2016 film by Igor Gotesman

Five is a 2016 French comedy film, written and directed by Igor Gotesman and starring Pierre Niney.

==Plot==
The film is about a group of five childhood friends who take up the opportunity to live together in an expensive Paris apartment. In order to fund the group's lifestyle, Pierre Niney's character, Samuel, becomes a drug dealer.

==Cast==
- Pierre Niney as Samuel
- François Civil as Timothée
- Igor Gotesman as Vadim
- Margot Bancilhon as Julia
- Idrissa Hanrot as Nestor
- Pascal Demolon as Barnabé
- Michèle Moretti as Madame Simone
- Bruno Lochet as Gérard
- Lucie Boujenah as Maïa
- Lise Lamétrie as Chantale
- Fanny Ardant as Herself
- Louise Coldefy as Emilie
- Ali Marhyar as Willy

==Reception==
The Hollywood Reporter compared the film's humour to that of recent American comedies, calling the film "a lively and often rather funny affair, dishing out oodles of sex, drugs and hip-hop, with plenty of below-the-belt humor a l’americaine.
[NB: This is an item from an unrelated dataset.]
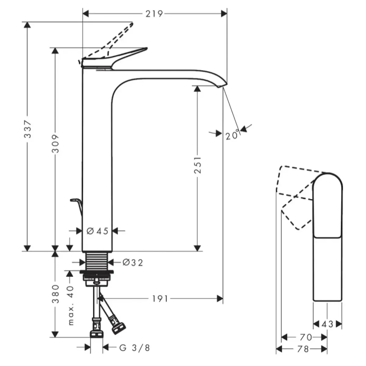 | Длина излива, мм | 191 |

Indeed, Five simply wouldn’t exist without The Hangover, Neighbors and Superbad," and adding, "Five never manages to convince in the plot department, though it moves so fast we barely have any time to think about it."
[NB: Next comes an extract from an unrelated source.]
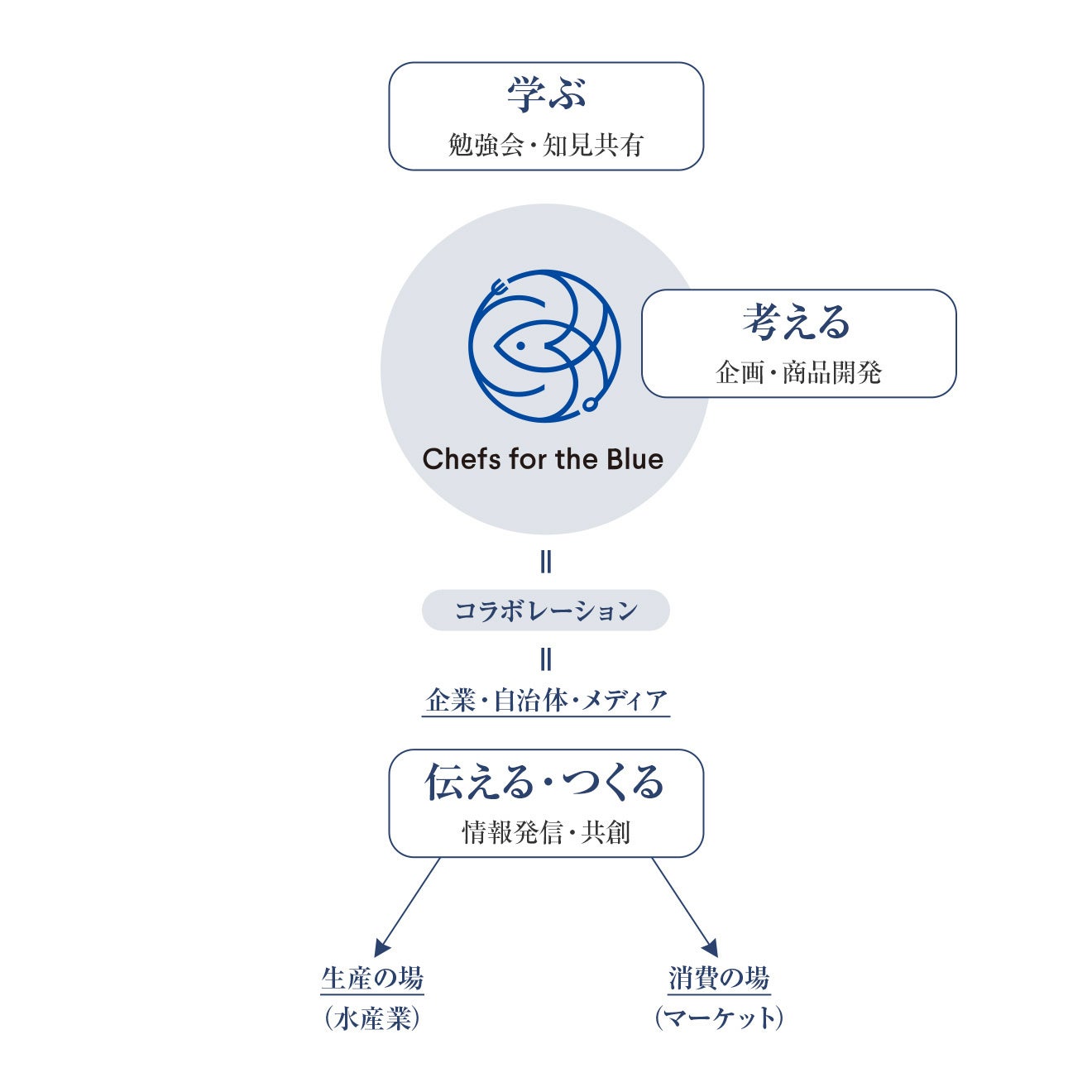 NGOや研究者、サステナブルシーフードを専門とするコンサルティングファーム、政府機関などから学びを得ながら、豊かな海を取り戻し、食文化を未来につなぐことを目指して、自治体・企業との協働プロジェクトやフードイベントなど様々な活動を行っています。

The film has received mixed reviews in the French-language press. L'Obs criticised the film's casting and its crass humour, while Les Inrocks criticised the film for its attitude towards the characters' lifestyle and for its consumerism. Télérama, by contrast, described the film as well written, singling out the performances of Pierre Niney and François Civil for particular praise; L'Express likewise praised these two actors, stating that Civil was the revelation of the film.